◆ TASK DESCRIPTION: Could you restate all of the records exactly, leaving out the pictures?

◆ DATA SUPPLIED:

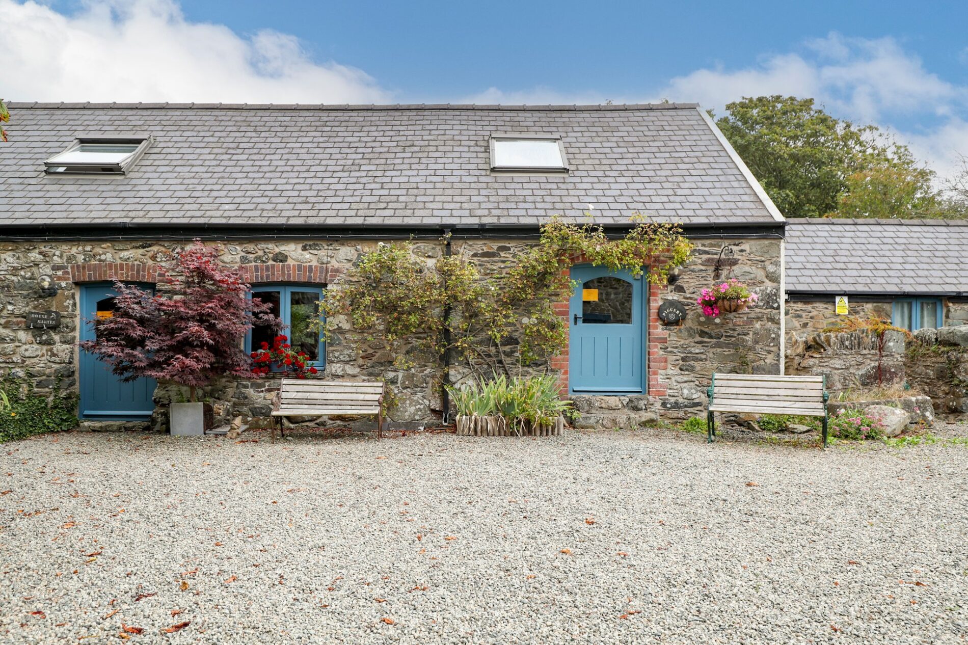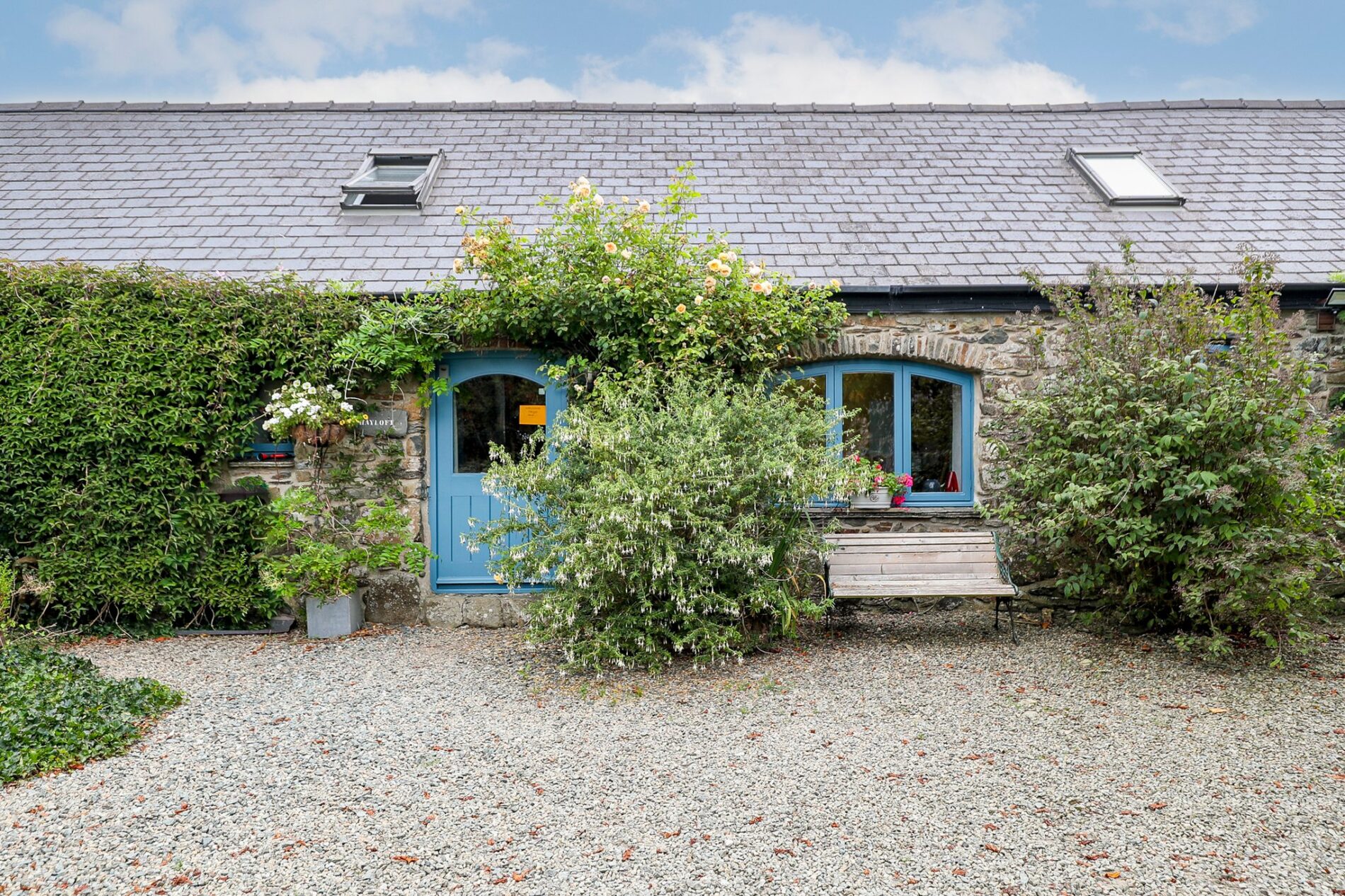 At the front of the properties lies a large gravel parking area with space for several cars, accommodating both owners and guests, as well as an area to sit and enjoy the sunshine. Additional parking for the owners is located directly in front of the main house. Each property has its own entrance at the front, along with access to the rear gardens.
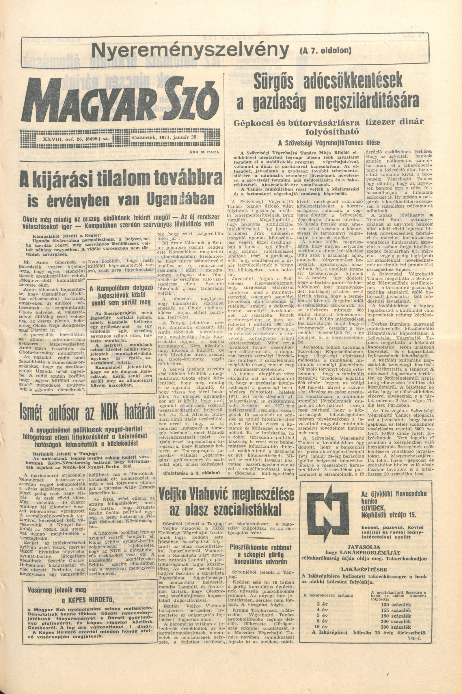 Magyar Szó, 28. évf. 1971. január 28. 26. sz. 1–16. oldal
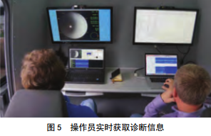 掃 描 探 傷 儀 的 內 置 式 鋰 — 鐵 聚 合 物 蓄 電 池(200 W/h容量)可提供長(cháng)達8 h的自給式操作電力(最高行駛速度空載模式下5 m/min,檢測模式下0.3~0.7 m/min)。操作員(距離插入掃描探傷儀的位置最遠為 1 500 m)通過(guò)Wi-Fi網(wǎng)絡(luò )實(shí)時(shí)控制掃描探傷儀移動(dòng),并實(shí)時(shí)獲取診斷信息,如圖 5所示。
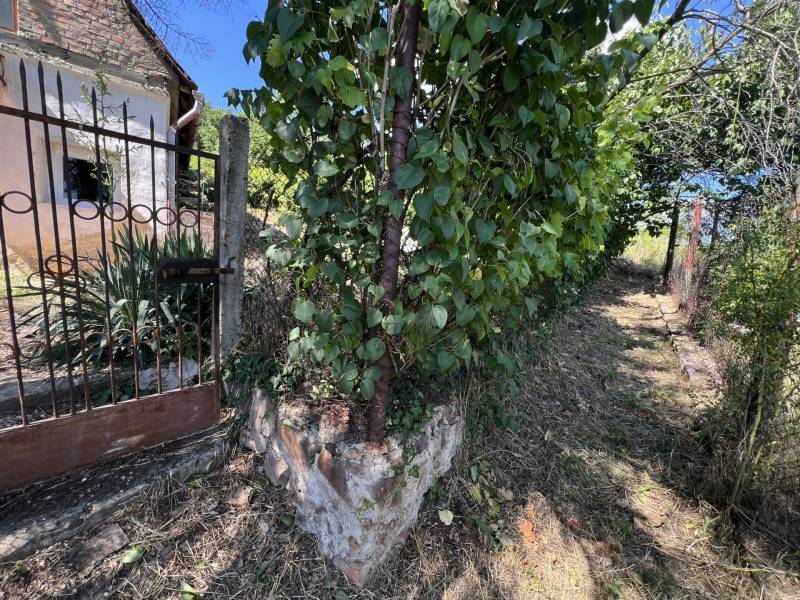 Pécs egyik legkedveltebb részén, Patacson, a Galagonya dűlőben eladó nyaraló telekkel!!!Patacson, a Galagonya dűlő tetején, közvetlenül a Nyugat-Mecsek tájvédelmi körzet erdője mellett eladó 733 m2-es zártkerti telek. Kis gazdasági épület található rajta, gyönyörű kilátással. A tégla épület alul 28 m2-es, felső szinten 20 nm, engedélyeztetve gazdasági épületként van. 15 perc sétára található az újmecsekaljai buszvégállomástól. Romantikus környezet, gyönyörű kilátással a városra.A gázvezeték az utcán, a villany be van vezetve. Az utcában már több családi ház felépült.Az ingatlan zártkert, tehát kifüggesztéses folyamat vonatkozik rá, ami nagyjából 3-5hónapot vesz igénybe és két lépésből áll a helyi jegyző és földbizottság bevonásával.Jellemzőit tekintve a tulajdoni lapon művelési ág / kivett megnevezés /6-os minőségi osztályba sorolt szőlő és gazdasági épület vízmerítési, kúthasználati és úthasználati szolgalmi joggal. A vízrendszer kiépítése megkezdődött, házi vízművel ciszternából megoldható a leendő tulajdonos által, vagy kút fúrásával biztosítható a ház vízellátása.A szennyvíz kialakítása az új tulajdonosra vár, ameddig használatban állt a ház, komposztWC oldotta meg ezt a feladatot.A nyílászárók fa keretesek, a felső szinten hőszigetelt ablak került beépítésre.A tető cseréje az új tulajdonosra vár.A présház teljes villanyrendszere korszerűsítésen esett át. A fűtés kapcsán klíma beszerelése, vagy fa tüzelésű kályha kerülhet szóba.A telek gyalogosan közelíthető meg szolgalmi úton, a felvezető út minősége nem a legjobb, de autóval fel lehet menni, azonban parkoló nem áll rendelkezésre. A fenti telek tulajdonosa utat tervez építtetni pár éven belül a ház elé, azonban ennek használati jogával kapcsolatos tárgyalása a következő tulajdonosra vár.A felfelé vezető út meredek, gyalogosan a 27-es busz végállomásától 15percen belül elérhető.Aldi, Tesco és egyéb bevásárlási lehetőség 15-20perc sétára vagy a 27-es busszal szintén könnyen megközelíthető. Pécs belvárosa tömegközlekedéssel 25perc alatt elérhető.A háznak két szintje használható jelenleg, de van egy tetőtéri rész is, ahol szintén hálószoba alakítható ki. Présház révén a szigetelés megoldásra vár. Az alsó szinten a bejáraton bejutva a nappali, balra a leendő konyha és mosdó kerülhet kialakításra, míg a fenti szinten egy terasz és egy beépített szekrénnyel rendelkező háló van.Nyári bográcsozások kellemes helyszíne lehet a horvát hegyekre nyíló panorámával rendelkező nyugalom szigete. Vendégház is kialakítható a házból.Ha felkeltettem az érdeklődését, hívjon, nézzük meg!Teljes körű pénzügyi megoldások ügyintézése díjmentesen:* Bankfüggetlen hitelcenterünk díjmentesen versenyezteti minden bank és hitelintézet ajánlatát.* Önnek nincs más dolga, mint beszélgetni munkatársunkkal, majd a megversenyeztetett ajánlatokból kiválasztani a hosszútávon is a legmegfelelőbb konstrukciót.* Szakértőnk több mint 20 éves szakmai tapasztalattal és egyedi igényekre szabott, fogyasztóbarát lakáshitelekkel, babaváró hitellel, teljes körű CSOK ügyintézéssel várja Önt.* Előre egyeztetett időpontban.
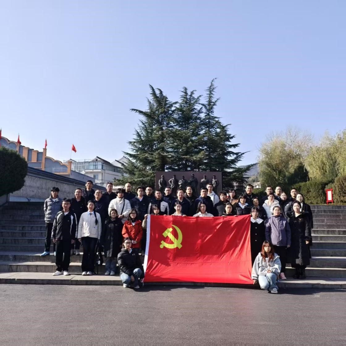 缅怀先烈丰碑,凝聚奋进力量。全体党员整齐列队,拾级而上,登临将军岭,在革命先辈纪念碑前肃立默哀,向长眠于此的革命英烈们致以最深切的哀思和崇高的敬意。巍巍太行,铮铮铁骨,回顾先辈浴血奋战的历程,大家受到了一次深刻的思想洗礼和精神淬炼。
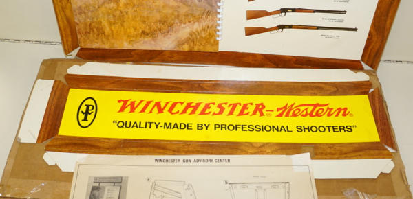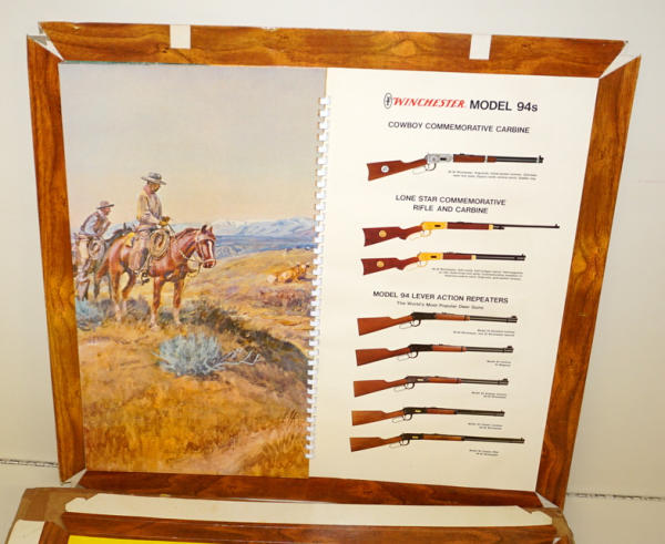 Bottom left corner is starting to peal, Overall good condition 25''x27'', with original box, great color, several pages including full line of Model 70's, 94's, and more, neat piece
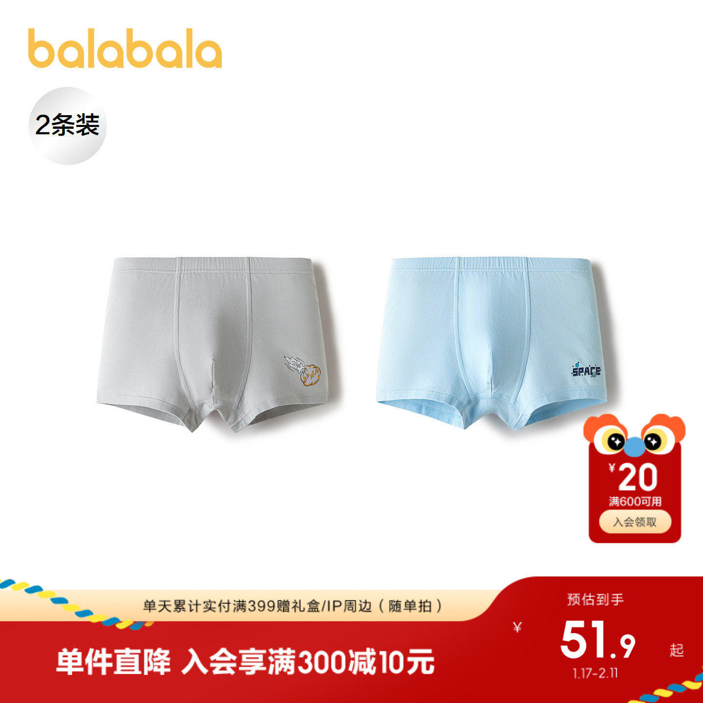 【商场同款】巴拉巴拉男童内裤平角儿童四角短裤大童不夹PP两条装
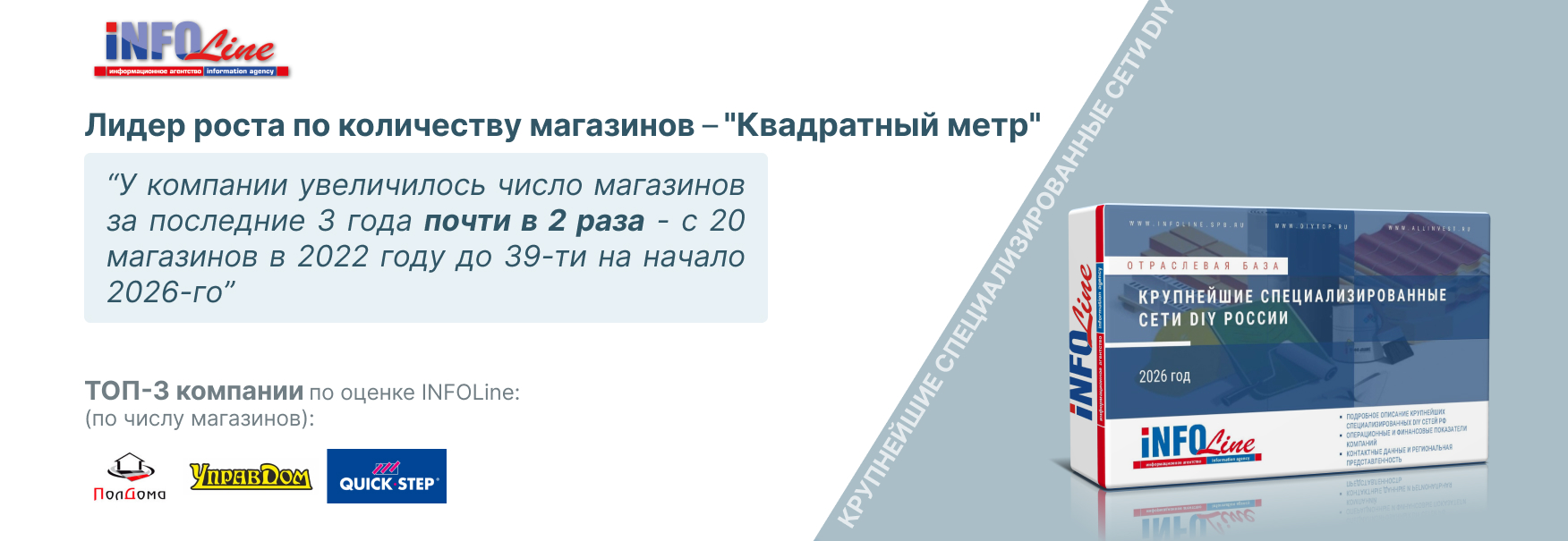В тройку крупнейших компаний по числу магазинов вошли «Полдома», «Управдом» и Quick-Step. Суммарно на первую тройку пришлось около 400 торговых точек. Лидером по росту числа объектов стала компания «Квадратный метр» — одна из ведущих розничных сетей в Центральном Черноземье и на Юге России, увеличившая число магазинов за последние три года почти в 2 раза — с 20 магазинов в 2022 году до 39-ти на начало 2026-го.
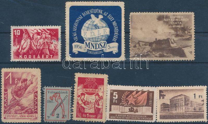 Leírás: 8 db különböző propaganda és segélybélyeg(MNDSZ, Koreáért, MKP falujáró stb.)
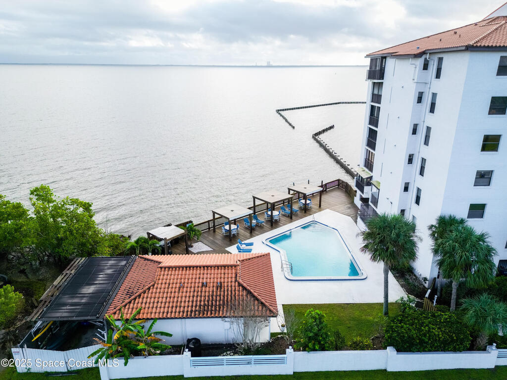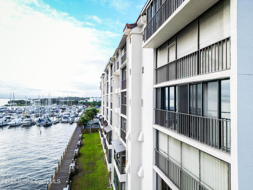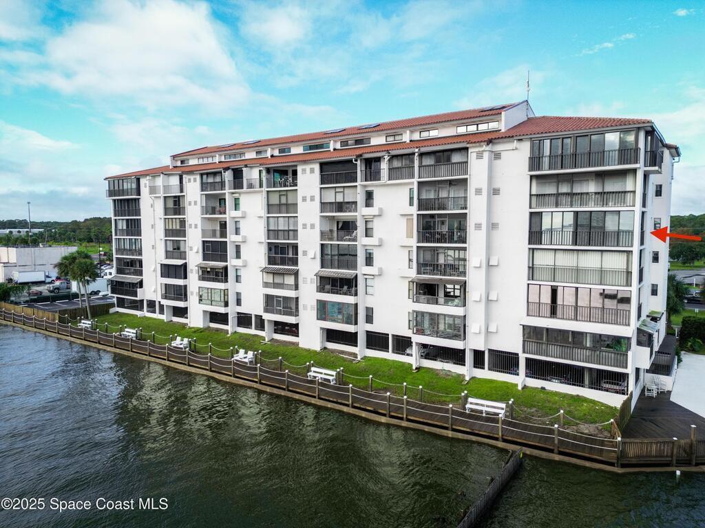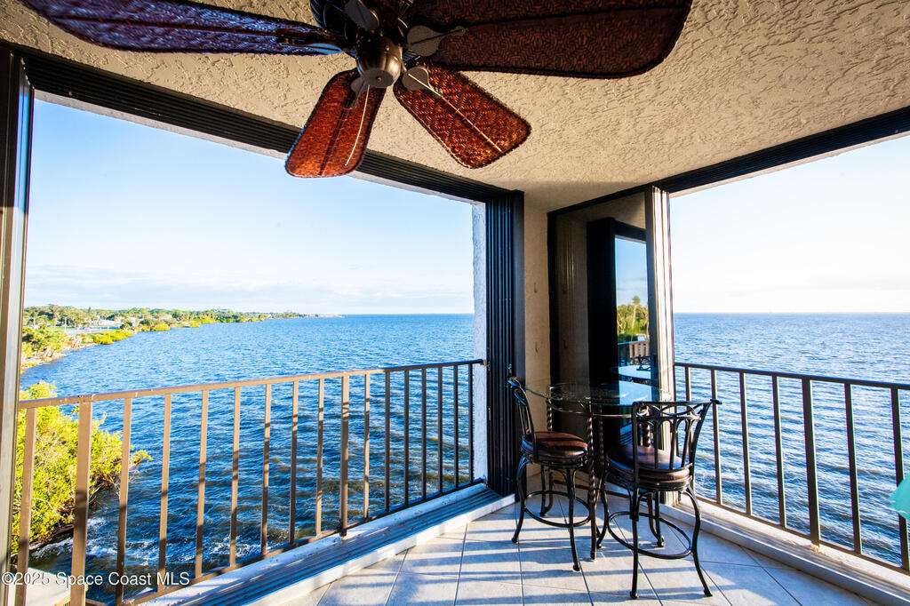 Check out this gorgeous waterfront condo! Experience relaxing, waterfront living in this beautifully updated 3 bedroom, 2 bathroom condo on the 4th floor, offering panoramic views of the Indian River and direct front row seats to rocket launches from the Space Center just across the water. This fully furnished North end unit features a spacious layout, modern finishes. Front Bedroom has a Murphy Bed that pulls out to a Queen. The glass hurricane proof sliding doors allow you to enclose/air-condition the balcony; perfect for year-round comfort and enjoying the view. Ideally located just off US-1 with quick access to I-95, you're only minutes from Cocoa Beach and local amenities. Whether you're looking for a primary residence or vacation home this move in ready gem offers the best of Florida's Space Coast lifestyle.***New roof about to be completed, 2022 A/C, updated electrical panel

◆ REPLY TO THE TASK:
 At the front of the properties lies a large gravel parking area with space for several cars, accommodating both owners and guests, as well as an area to sit and enjoy the sunshine. Additional parking for the owners is located directly in front of the main house. Each property has its own entrance at the front, along with access to the rear gardens.
 Magyar Szó, 28. évf. 1971. január 28. 26. sz. 1–16. oldal
 掃 描 探 傷 儀 的 內 置 式 鋰 — 鐵 聚 合 物 蓄 電 池(200 W/h容量)可提供長(cháng)達8 h的自給式操作電力(最高行駛速度空載模式下5 m/min,檢測模式下0.3~0.7 m/min)。操作員(距離插入掃描探傷儀的位置最遠為 1 500 m)通過(guò)Wi-Fi網(wǎng)絡(luò )實(shí)時(shí)控制掃描探傷儀移動(dòng),并實(shí)時(shí)獲取診斷信息,如圖 5所示。
 Pécs egyik legkedveltebb részén, Patacson, a Galagonya dűlőben eladó nyaraló telekkel!!!Patacson, a Galagonya dűlő tetején, közvetlenül a Nyugat-Mecsek tájvédelmi körzet erdője mellett eladó 733 m2-es zártkerti telek. Kis gazdasági épület található rajta, gyönyörű kilátással. A tégla épület alul 28 m2-es, felső szinten 20 nm, engedélyeztetve gazdasági épületként van. 15 perc sétára található az újmecsekaljai buszvégállomástól. Romantikus környezet, gyönyörű kilátással a városra.A gázvezeték az utcán, a villany be van vezetve. Az utcában már több családi ház felépült.Az ingatlan zártkert, tehát kifüggesztéses folyamat vonatkozik rá, ami nagyjából 3-5hónapot vesz igénybe és két lépésből áll a helyi jegyző és földbizottság bevonásával.Jellemzőit tekintve a tulajdoni lapon művelési ág / kivett megnevezés /6-os minőségi osztályba sorolt szőlő és gazdasági épület vízmerítési, kúthasználati és úthasználati szolgalmi joggal. A vízrendszer kiépítése megkezdődött, házi vízművel ciszternából megoldható a leendő tulajdonos által, vagy kút fúrásával biztosítható a ház vízellátása.A szennyvíz kialakítása az új tulajdonosra vár, ameddig használatban állt a ház, komposztWC oldotta meg ezt a feladatot.A nyílászárók fa keretesek, a felső szinten hőszigetelt ablak került beépítésre.A tető cseréje az új tulajdonosra vár.A présház teljes villanyrendszere korszerűsítésen esett át. A fűtés kapcsán klíma beszerelése, vagy fa tüzelésű kályha kerülhet szóba.A telek gyalogosan közelíthető meg szolgalmi úton, a felvezető út minősége nem a legjobb, de autóval fel lehet menni, azonban parkoló nem áll rendelkezésre. A fenti telek tulajdonosa utat tervez építtetni pár éven belül a ház elé, azonban ennek használati jogával kapcsolatos tárgyalása a következő tulajdonosra vár.A felfelé vezető út meredek, gyalogosan a 27-es busz végállomásától 15percen belül elérhető.Aldi, Tesco és egyéb bevásárlási lehetőség 15-20perc sétára vagy a 27-es busszal szintén könnyen megközelíthető. Pécs belvárosa tömegközlekedéssel 25perc alatt elérhető.A háznak két szintje használható jelenleg, de van egy tetőtéri rész is, ahol szintén hálószoba alakítható ki. Présház révén a szigetelés megoldásra vár. Az alsó szinten a bejáraton bejutva a nappali, balra a leendő konyha és mosdó kerülhet kialakításra, míg a fenti szinten egy terasz és egy beépített szekrénnyel rendelkező háló van.Nyári bográcsozások kellemes helyszíne lehet a horvát hegyekre nyíló panorámával rendelkező nyugalom szigete. Vendégház is kialakítható a házból.Ha felkeltettem az érdeklődését, hívjon, nézzük meg!Teljes körű pénzügyi megoldások ügyintézése díjmentesen:* Bankfüggetlen hitelcenterünk díjmentesen versenyezteti minden bank és hitelintézet ajánlatát.* Önnek nincs más dolga, mint beszélgetni munkatársunkkal, majd a megversenyeztetett ajánlatokból kiválasztani a hosszútávon is a legmegfelelőbb konstrukciót.* Szakértőnk több mint 20 éves szakmai tapasztalattal és egyedi igényekre szabott, fogyasztóbarát lakáshitelekkel, babaváró hitellel, teljes körű CSOK ügyintézéssel várja Önt.* Előre egyeztetett időpontban.
 缅怀先烈丰碑,凝聚奋进力量。全体党员整齐列队,拾级而上,登临将军岭,在革命先辈纪念碑前肃立默哀,向长眠于此的革命英烈们致以最深切的哀思和崇高的敬意。巍巍太行,铮铮铁骨,回顾先辈浴血奋战的历程,大家受到了一次深刻的思想洗礼和精神淬炼。
 Bottom left corner is starting to peal, Overall good condition 25''x27'', with original box, great color, several pages including full line of Model 70's, 94's, and more, neat piece
 【商场同款】巴拉巴拉男童内裤平角儿童四角短裤大童不夹PP两条装
В тройку крупнейших компаний по числу магазинов вошли «Полдома», «Управдом» и Quick-Step. Суммарно на первую тройку пришлось около 400 торговых точек. Лидером по росту числа объектов стала компания «Квадратный метр» — одна из ведущих розничных сетей в Центральном Черноземье и на Юге России, увеличившая число магазинов за последние три года почти в 2 раза — с 20 магазинов в 2022 году до 39-ти на начало 2026-го.
 Leírás: 8 db különböző propaganda és segélybélyeg(MNDSZ, Koreáért, MKP falujáró stb.)
 Check out this gorgeous waterfront condo! Experience relaxing, waterfront living in this beautifully updated 3 bedroom, 2 bathroom condo on the 4th floor, offering panoramic views of the Indian River and direct front row seats to rocket launches from the Space Center just across the water. This fully furnished North end unit features a spacious layout, modern finishes. Front Bedroom has a Murphy Bed that pulls out to a Queen. The glass hurricane proof sliding doors allow you to enclose/air-condition the balcony; perfect for year-round comfort and enjoying the view. Ideally located just off US-1 with quick access to I-95, you're only minutes from Cocoa Beach and local amenities. Whether you're looking for a primary residence or vacation home this move in ready gem offers the best of Florida's Space Coast lifestyle.***New roof about to be completed, 2022 A/C, updated electrical panel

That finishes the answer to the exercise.